Required action →
A faithful, picture-free copy of the listing below is required.

Recorded information →

^^^^^^^^^^^^^^^^

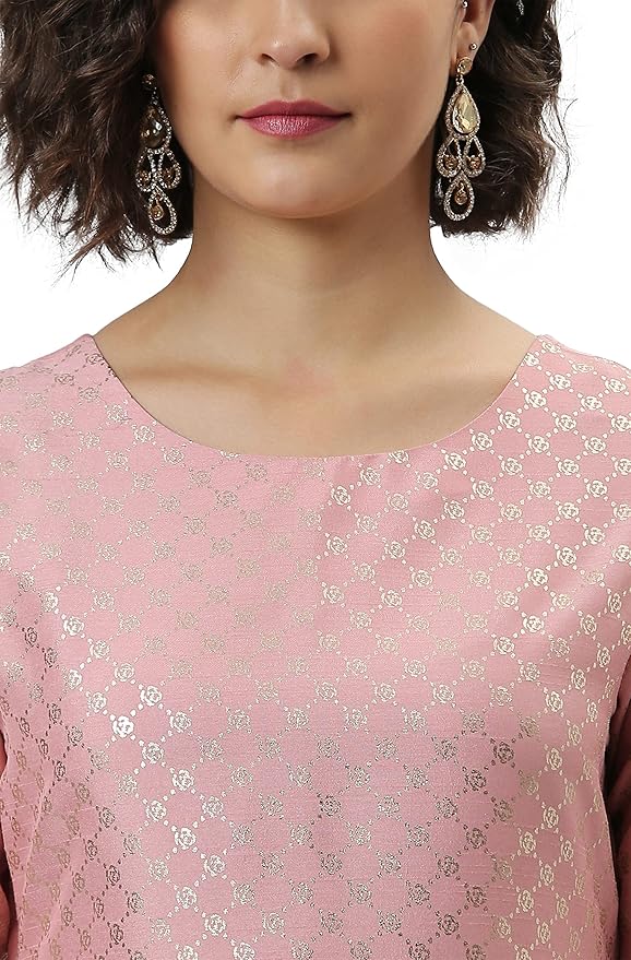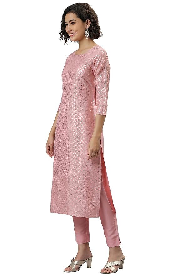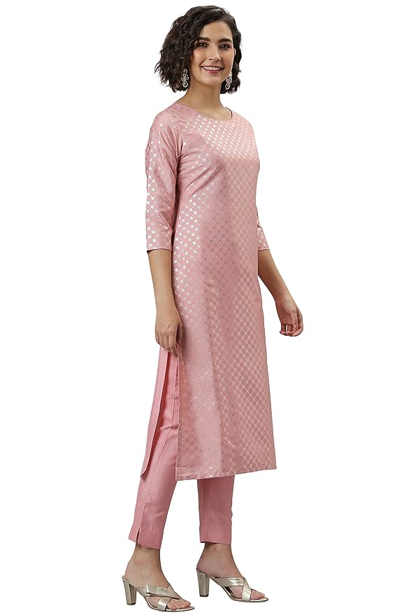 • Style: Kurta Length: 46(inch), Bottom Length: 36(inch) | Pattern: Floral Print | Occasion: Party | Type: Straight | Sleeve Type: 3/4 Sleeve Regular Sleeves | Color: Pink
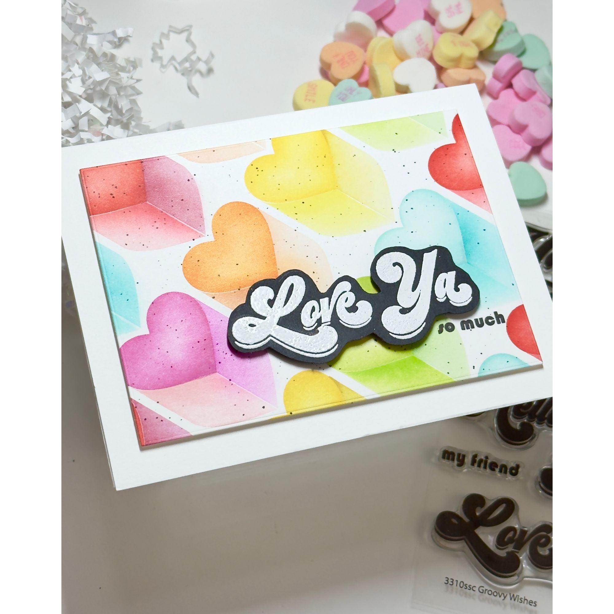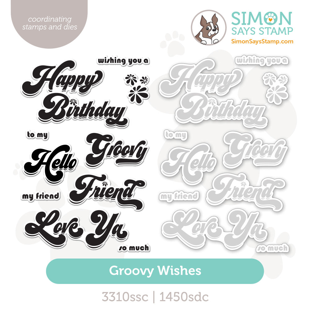 The Simon Says Stamp Groovy Wishes stamps and dies set is a fun sentiment collection featuring greetings in a bold, retro seventies–inspired font.
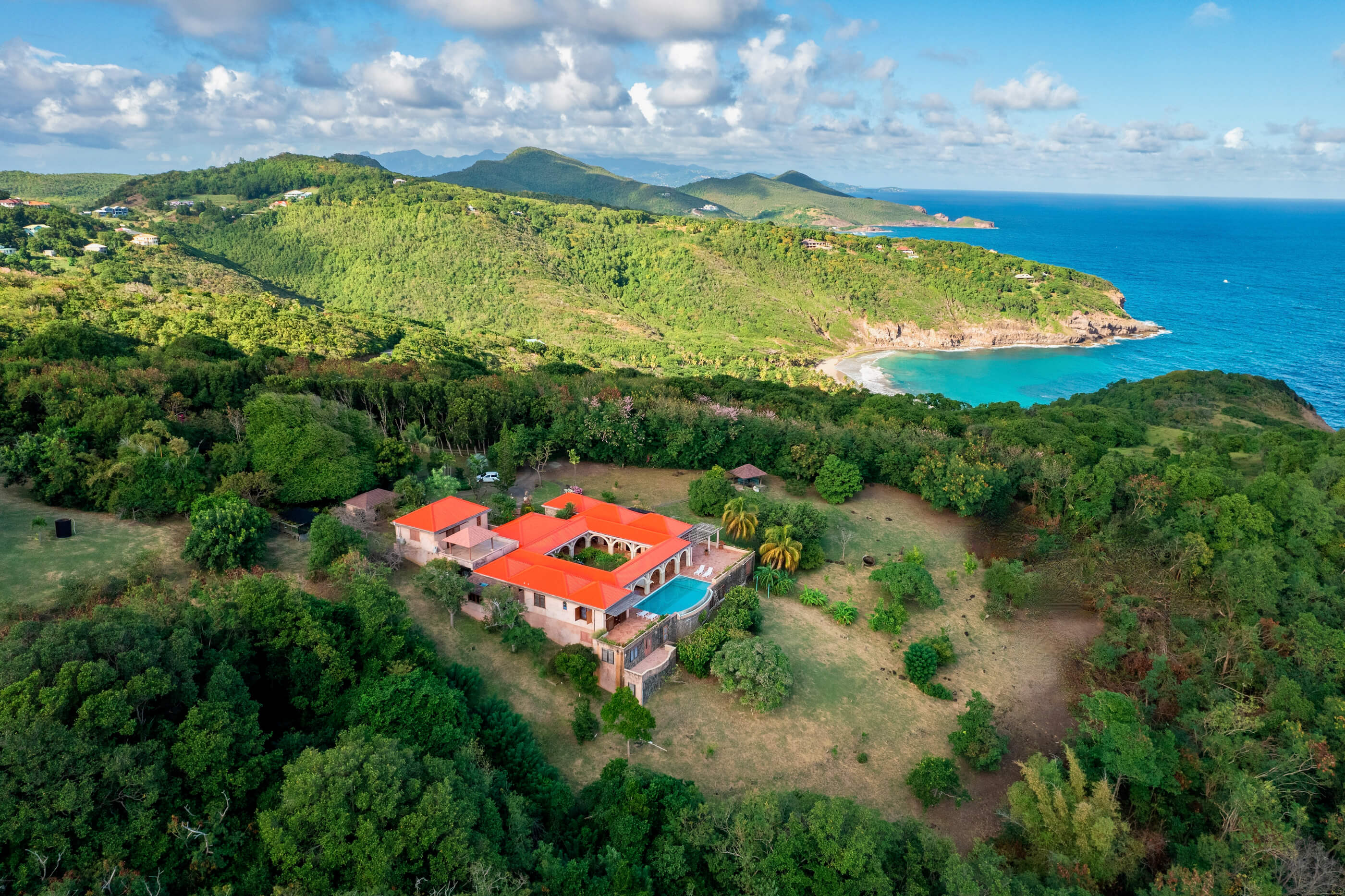 Villa Helianthus enjoys unique privacy, nestled luxuriously in 9 acres of mature cedars, mahogany & fruit trees. This stunning classical villa boasts breathtaking scenery, with an uninterrupted panoramic Caribbean Sea views. The secluded location offers simply the sounds of the tropical breezes blowing through the trees, the local birds in the established gardens that surround this fabulous villa and the distant sounds of the surf below. Each day mornings begin with sunrise over the untouched islands Balliceaux and Battowia to the East, ending with beautiful sunsets reflecting off the island of opulance that is Mustique to the South.
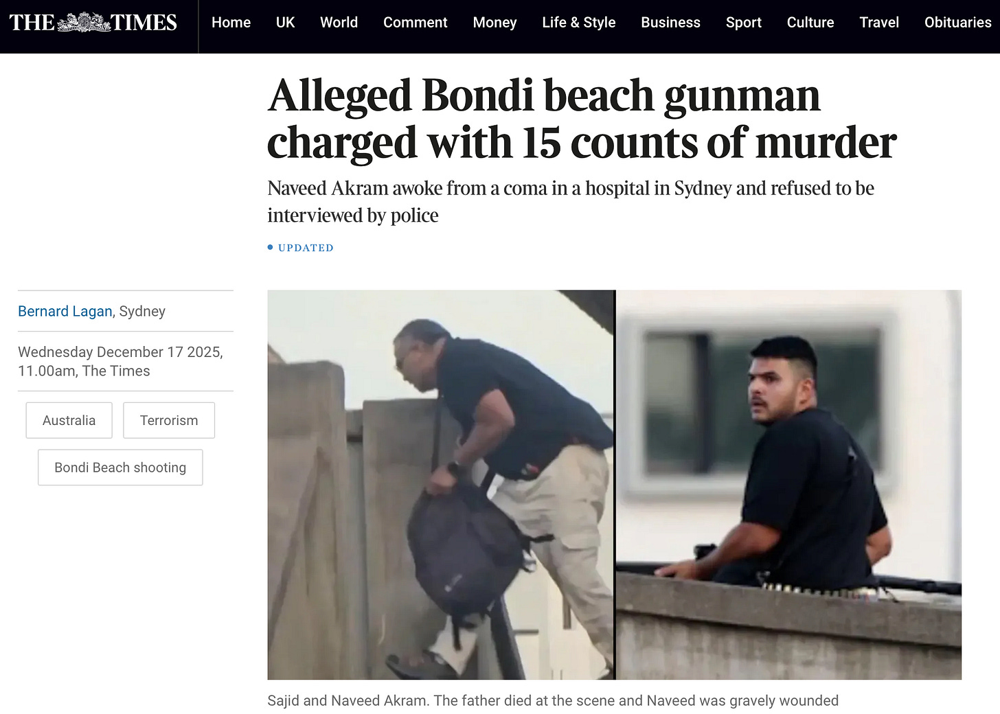“The surviving suspect in the Bondi beach massacre has been charged with 15 counts of murder in his hospital bed after waking from a coma. Naveed Akram, 24, refused to be interviewed by Sydney police on Wednesday before he was charged with the murders of 15 Jewish festival goers, alongside his father, Sajid Akram, 50, in a terrorist attack on Sunday. His father was shot dead by police at the scene…He has been charged with 44 other offences, including 40 counts of wounding with intent to murder. He has also been charged in relation to displaying a prohibited terrorist symbol, an Islamic State flag, on his car and one count of placing an explosive in or near a building with intent to cause harm.”

^^^^^^^^^^^^^^^^

Expected answer →
 • Style: Kurta Length: 46(inch), Bottom Length: 36(inch) | Pattern: Floral Print | Occasion: Party | Type: Straight | Sleeve Type: 3/4 Sleeve Regular Sleeves | Color: Pink
 The Simon Says Stamp Groovy Wishes stamps and dies set is a fun sentiment collection featuring greetings in a bold, retro seventies–inspired font.
 Villa Helianthus enjoys unique privacy, nestled luxuriously in 9 acres of mature cedars, mahogany & fruit trees. This stunning classical villa boasts breathtaking scenery, with an uninterrupted panoramic Caribbean Sea views. The secluded location offers simply the sounds of the tropical breezes blowing through the trees, the local birds in the established gardens that surround this fabulous villa and the distant sounds of the surf below. Each day mornings begin with sunrise over the untouched islands Balliceaux and Battowia to the East, ending with beautiful sunsets reflecting off the island of opulance that is Mustique to the South.
“The surviving suspect in the Bondi beach massacre has been charged with 15 counts of murder in his hospital bed after waking from a coma. Naveed Akram, 24, refused to be interviewed by Sydney police on Wednesday before he was charged with the murders of 15 Jewish festival goers, alongside his father, Sajid Akram, 50, in a terrorist attack on Sunday. His father was shot dead by police at the scene…He has been charged with 44 other offences, including 40 counts of wounding with intent to murder. He has also been charged in relation to displaying a prohibited terrorist symbol, an Islamic State flag, on his car and one count of placing an explosive in or near a building with intent to cause harm.”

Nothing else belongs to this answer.